| Description of the task |
Go to the line below that has "座布団 クッション 低反発+高反発", print it and each line after it exactly, and stop after the line that has "This application is"; leave out pictures.

| Data in this exercise |
┄┄┄┄┄┄┄┄┄┄
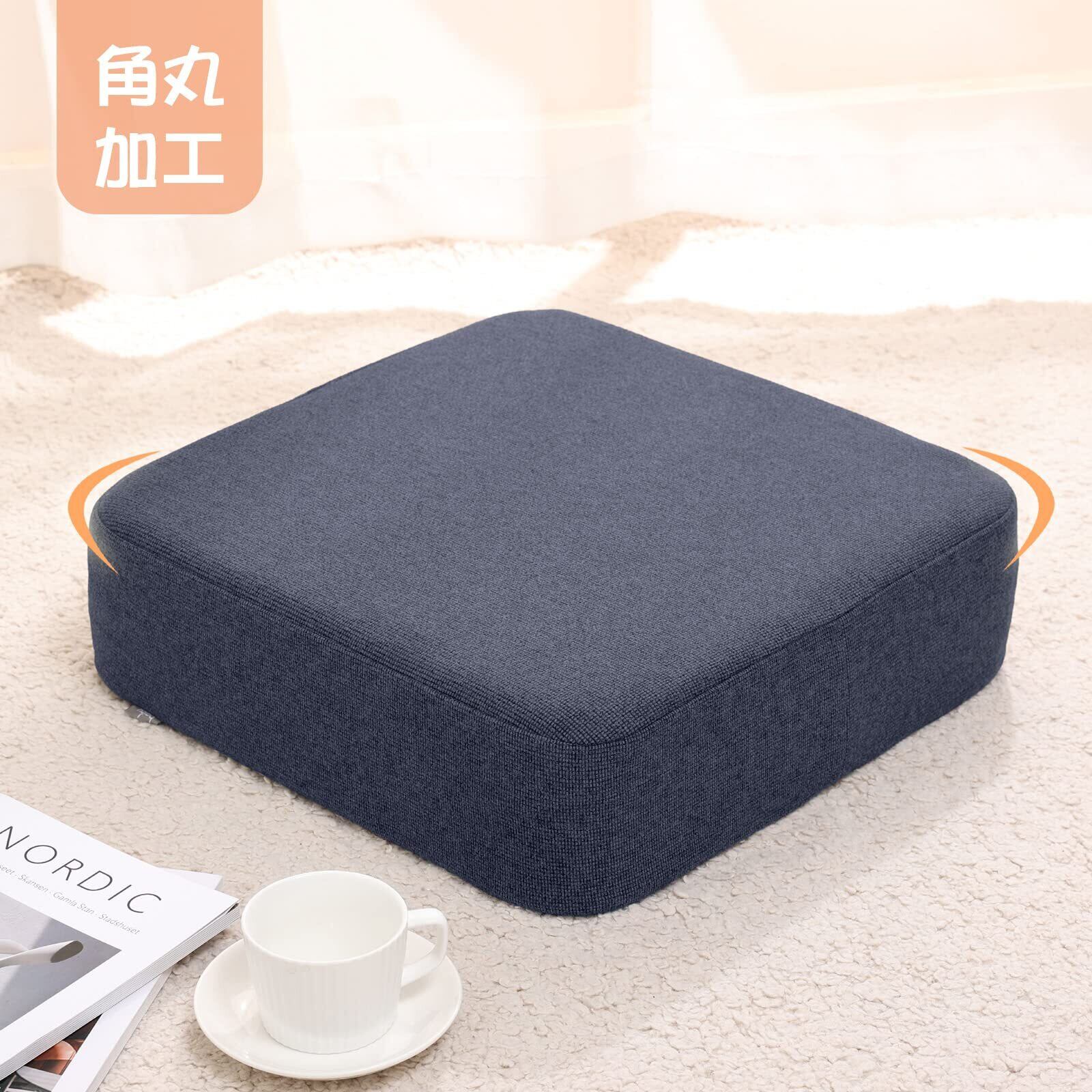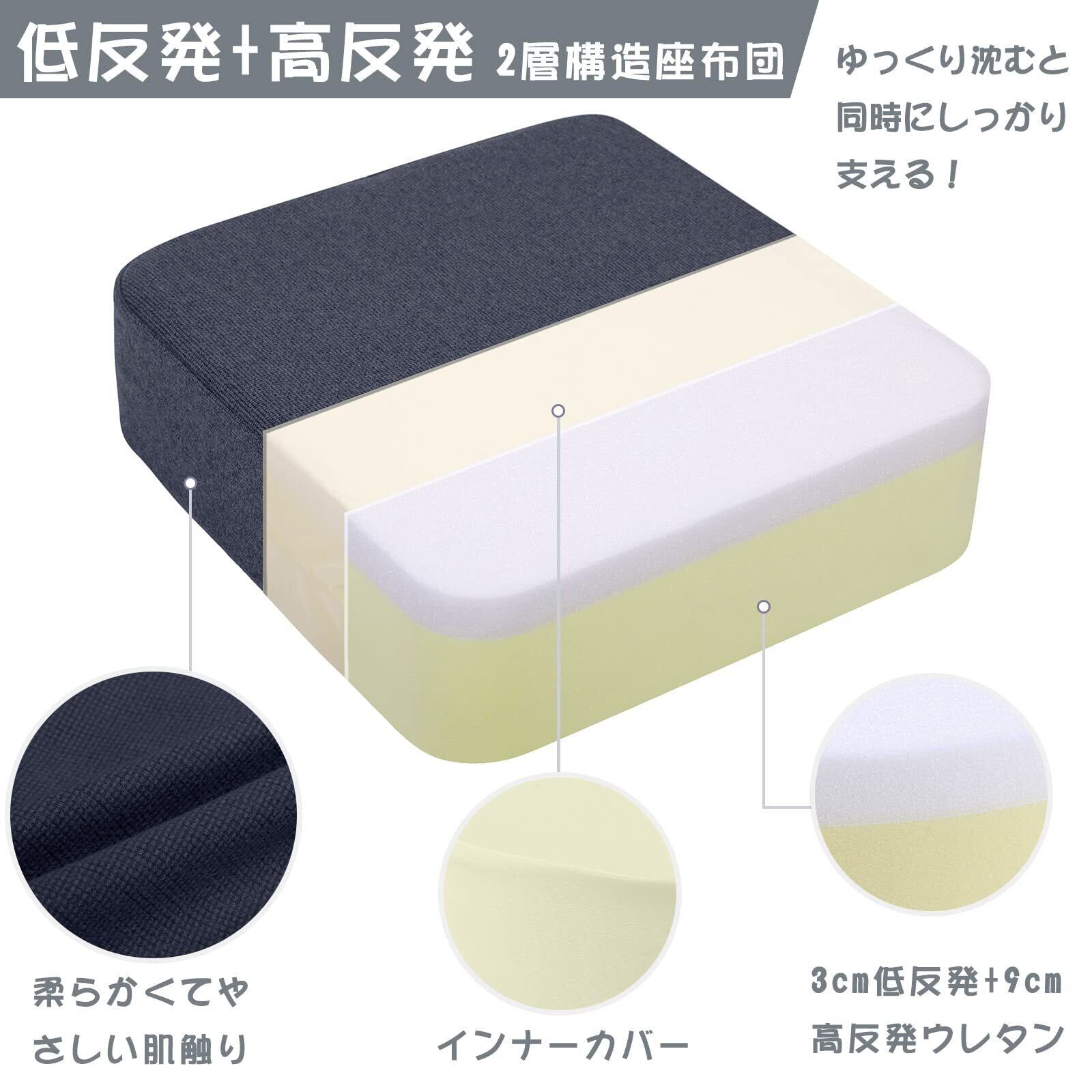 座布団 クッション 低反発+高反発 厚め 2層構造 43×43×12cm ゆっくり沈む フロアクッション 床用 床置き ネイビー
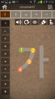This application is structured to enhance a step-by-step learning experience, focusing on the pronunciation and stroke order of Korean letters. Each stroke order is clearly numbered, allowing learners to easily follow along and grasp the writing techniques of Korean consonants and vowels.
┄┄┄┄┄┄┄┄┄┄
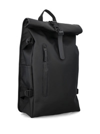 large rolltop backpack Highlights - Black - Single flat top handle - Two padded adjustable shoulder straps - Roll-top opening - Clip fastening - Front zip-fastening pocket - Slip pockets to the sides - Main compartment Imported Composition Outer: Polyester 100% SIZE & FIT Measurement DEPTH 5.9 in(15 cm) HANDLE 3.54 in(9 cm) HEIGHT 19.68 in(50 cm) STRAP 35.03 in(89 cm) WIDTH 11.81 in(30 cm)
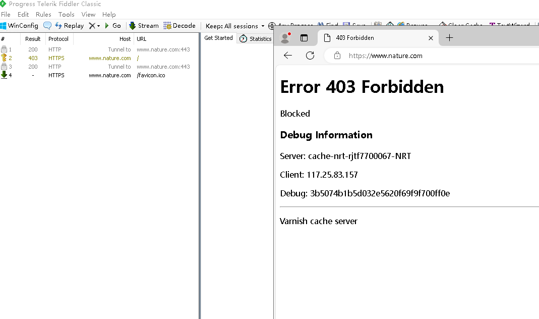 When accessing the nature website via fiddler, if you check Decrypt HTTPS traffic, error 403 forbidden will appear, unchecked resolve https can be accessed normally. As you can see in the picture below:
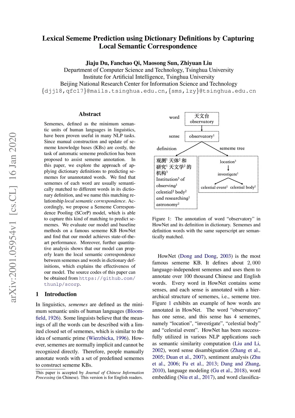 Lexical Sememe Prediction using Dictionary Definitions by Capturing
┄┄┄┄┄┄┄┄┄┄
| Expected answer |
 座布団 クッション 低反発+高反発 厚め 2層構造 43×43×12cm ゆっくり沈む フロアクッション 床用 床置き ネイビー
This application is structured to enhance a step-by-step learning experience, focusing on the pronunciation and stroke order of Korean letters. Each stroke order is clearly numbered, allowing learners to easily follow along and grasp the writing techniques of Korean consonants and vowels.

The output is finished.